Caminamos por las calles del barrio, andamos sin más novedades que nuestros pasos y referencias cercanas sin saber de historias que laten en cada baldosa.
Allá por los albores del siglo XX, afloraban los talleres de carruajes en las otrora afueras de la ciudad, hoy, nuestro barrio. Existían fileteadores en cuanto taller o terminal de colectivos.
La sabiduría era tradición oral, no había referencias bibliográficas, unos pocos maestros transmitían a sus escasos discípulos la manera de hacer, así es que las palabras adquirieron su identificación según la fonética (por ejemplo las letras góticas las llamaron esgóstricas, a las sombras translúcidas las llamaron shapán por su color similar al champagne).
Así una mañana Don Carlos Carboni, gran referente de la Vieja Guardia, tuvo que reemplazar a un colega fallecido en una carrocería de la calle Laguna, al llegar descubrió una madera con agujeros donde estaban dispuestos sendos cucuruchos de goma y Don Carlos tuvo que investigar y probar una y mil veces cuál era su función, para descubrir que era para hacer una imitación. Como decía mi maestro, Don Ricardo Gómez, “uno es fileteador cuando sabe compartir” y Carboni, supo compartirle a Gómez éste y otros secretos.

Don Ricardo, en sus inicios, llegaba temprano a los talleres para robar los dibujos copiando de los carros.
–“¡Róbenme! Si cuando empecé yo robé, por qué ustedes no me van a robar…”- Nos decía en las clases.
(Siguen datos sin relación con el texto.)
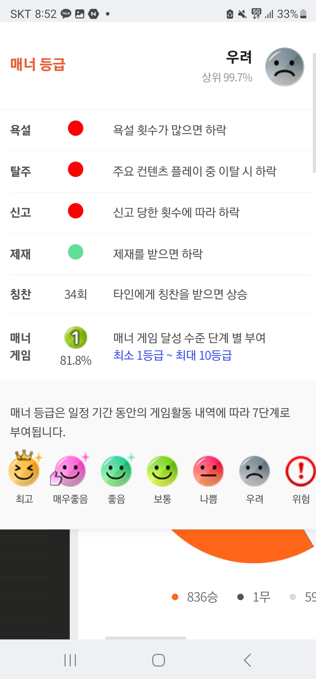 친구한테 아이디 잠시 빌려줫더니 욕을 존나하고다녀서 매너지수를 이따위로 만들었더라구,,, 랭크전하면서 5판동안 칭찬 10~20개 받았는데 이거 목요일되면 보통으로갈수있나ㅜㅜ?

Luego un tiempo después llegó a mí una frase, que similar, validaba desde la erudición de haber transitado por Academias a un Pablo Picasso decir “Un buen artista copia, uno excelente, roba”.
Los fileteadores consagrados, en su mayoría, se ocultaban tras grandes telones para no dejar ver el proceso a los nóveles. Ante éste panorama, Ricardo se prometió que cuando sea grande iba a enseñar todo lo que sabía, siendo aún joven.
Pasaban las largas jornadas de trabajo, Ricardo junto a sus maestros, de taller en taller, Ricardo con Carboni, Ricardo con Mario Delpiero. Pasaron por Carrocerías ALA, El Indio, Carasai, entre otras. Luego de manera independiente, pasaron así los años.
Una jornada en la puerta de su taller, Ricardo estaba en el suelo, fileteando los detalles finales de un camión y oyó a unos espectadores decir “cuando éstos viejos se mueran, el filete se va a morir”- Esta apreciación le llegó como una daga en el alma. Como si hubiese visto un espectro, entró a su casa luego del trabajo y Celia, su esposa le preguntó por su actitud y lo incitó a enseñar, pero él todavía incrédulo dijo -“¿y qué puedo enseñar yo?”.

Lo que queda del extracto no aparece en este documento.